Client connecting to 192.168.2.10, TCP port 8000 TCP window size: 85.0 KByte (default)

[ 3] local 192.168.2.31 port 35710 connected with 192.168.2.10 port 8000

<3>[60133.607379] mmc2: sdhci: Resp[0]: 0x00001000 | Resp[1]: 0x00000000 <3>[60133.607382] mmc2: sdhci: Resp[2]: 0x00000000 | Resp[3]: 0x00000000 <3>[60133.607385] mmc2: sdhci: Host ctl2: 0x00000000 <3>[60133.607389] mmc2: sdhci: ADMA Err: 0x00000003 | ADMA Ptr: 0x847c6204 <3>[60133.607392] mmc2: sdhci-esdhc-imx: ========= ESDHC IMX DEBUG STATUS DUMP ========= <3>[60133.607395] mmc2: sdhci-esdhc-imx: cmd debug status: 0x3100 <3>[60133.607399] mmc2: sdhci-esdhc-imx: data debug status: 0x32a0 <3>[60133.607402] mmc2: sdhci-esdhc-imx: trans debug status: 0x33a2 <3>[60133.607405] mmc2: sdhci-esdhc-imx: dma debug status: 0x3400 <3>[60133.607409] mmc2: sdhci-esdhc-imx: adma debug status: 0x35b4 <3>[60133.607412] mmc2: sdhci-esdhc-imx: fifo debug status: 0x3680 <3>[60133.607415] mmc2: sdhci-esdhc-imx: async fifo debug status: 0x3750 <3>[60133.607418] mmc2: sdhci: ============================================ [ ID] Interval Transfer Bandwidth [ 3] 0.0-10.3 sec 107 KBytes 85.3 Kbits/sec root@imx93:~# wlan0: CTRL-EVENT-DISCONNECTED bssid=24:5a:4c:13:af:69 reason=3 locally_generated=1 <3>[60138.727338] esp32_sdio: wait_and_decode_cmd_resp: Command[0x6] timed out <3>[60138.727363] esp32_sdio: cmd_disconnect_request: wait_and_decode_cmd_resp(priv, cmd_node) failure, ret: -22 root@imx93:~# <3>[60143.851336] esp32_sdio: wait_and_decode_cmd_resp: Command[0xF] timed out <3>[60143.851361] esp32_sdio: cmd_get_tx_power: wait_and_decode_cmd_resp(priv, cmd_node) failure, ret: -22 <3>[60143.851563] esp32_sdio: prepare_command_request: command queue init is not done yet <3>[60143.851579] esp32_sdio: cmd_get_tx_power: Failed to get command node
mdeneen commented 1 month ago

I also want to mention that I was looking at MTMS / MTDI to see if I was, perhaps, not treating them as they should be treated.

mdeneen commented 1 month ago

Yogesh,

I have identified the problem and we can close out this issue. The esp32-c6 is powered by a 500mA linear regulator and it is not strong enough to handle 20 dBm TX. I have reduced the ESP_PHY_MAX_TX_POWER in the sdkconfig and everything is working now.
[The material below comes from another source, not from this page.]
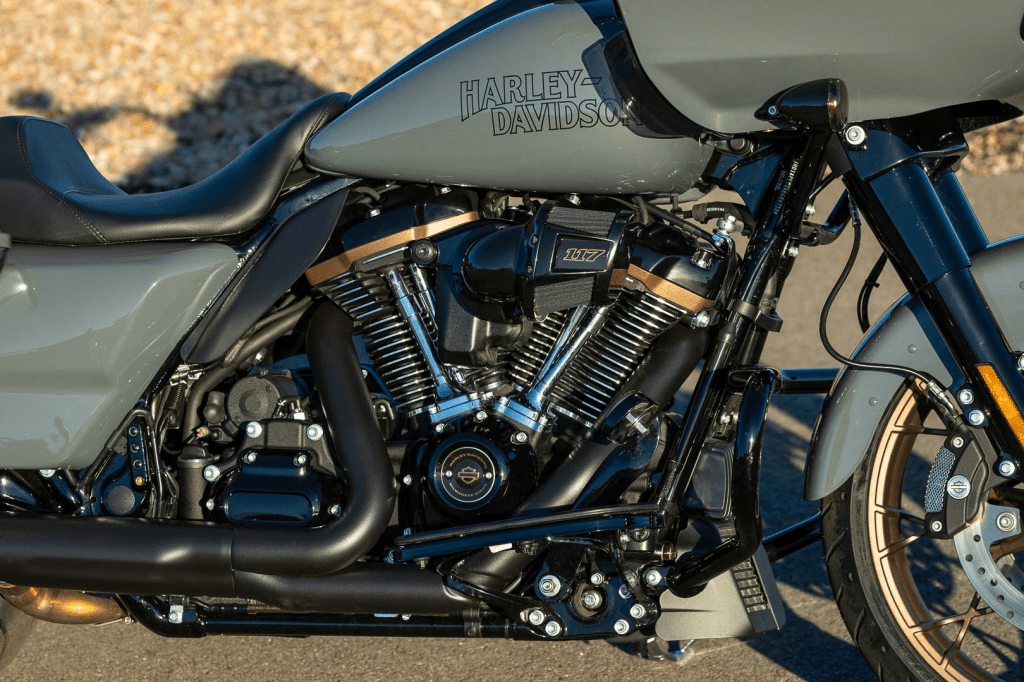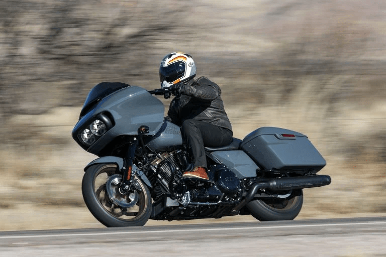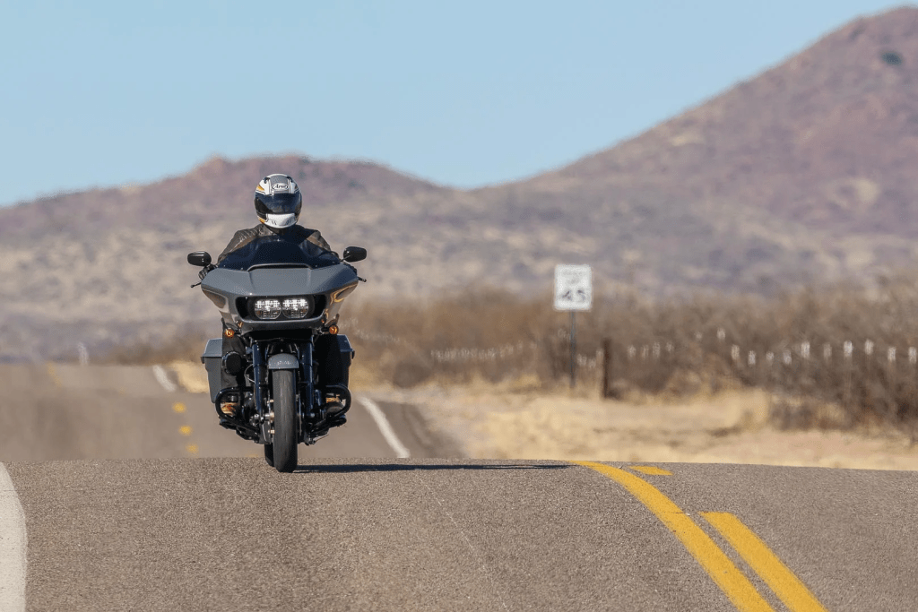 Wij (Ultimate Motorcycling) hebben de technische bochten van het circuit bij Inde Motorsports Ranch en enkele zijwegen rond Willcox, Arizona. bereden om de 2022 Harley-Davidson Road Glide ST te testen en te kijken of deze prestatiegerichte upgrades de hype waarmaken. Laten we nu verder gaan met de snelle feiten. Als een enorm koppel jouw ding is, hoef je niet verder te zoeken dan is deze Milwaukee-Eight 117ci V-twin-motor jouw ding. Zoals bij elke Amerikaanse V-twin-motorfiets, eist deze krachtbron alle aandacht op, want de M8 117 met zijn enorme koppel van 127 ft-lbs bij 3750 tpm, wat je een nobele 9 ft-lbs koppel oplevert boven het maximale vermogen van de 114 uitvoering. Een high-flow inlaat, prestatie nokkenassen en afgestemde uitlaat helpen de piekkoppelwaarden op te pompen. Al die enorme kracht is overal in het toerentalbereik beschikbaar en wordt geleverd met precies de juiste sound van het tweecilindergerommel. Met een cilinderinhoud van 1923 cc die al deze gebruiksvriendelijke stuwkracht aan de onderkant en het midden bereik oplevert, komt ook nog extra comfort in de vorm van uitstekende brandstof verbruik en beperkte hoeveelheden stralingswarmte.

The behavior was unpredictable when the voltage dropped, and it didn't drop far enough for the brown out detection to kick in.

For now we will reduce the max TX power, but in the future the linear regulator will be beefed up.

mantriyogesh commented 1 month ago

Oh this looks concerning.

It will try to involve the phy team for this. Btw, in sure you would have taken care, but is the input power sufficient?

mantriyogesh commented 1 month ago

I got the update from physical team on this.

If they use C6 module, we recommend the power supply current of module is not less than 500 mA. Following table is the Wi-Fi power consumption of C6-WROOM-1 module.

tmp_fb5bfdf9-616f-4de1-aba6-513b2e02a3d7

Also,

If the antenna matching circuit is mismatch, it will impact the RF PHY power. When user use ESP chip on board design, they should do antenna matching test or send the board to our RF test lab to verify it.

I am not entirely sure, but I sense the linear regular and antenna design might also be play some role here? I am not deep down into electronics. But let me know if something is to be done with above response from either side.

mdeneen commented 1 month ago

We are using a module:

image

The antenna connector you see in the photo is for a GPS; it is not related to the esp32-c6 module.

Are you suggesting that there is additional impedance matching to be done in this case?

At the moment we are looking at replacing the 500Ma linear supply with either 800mA or 1A, but I'm quite interested in knowing if we should be doing additional RF design or if perhaps we should be disabling 802.11b and g.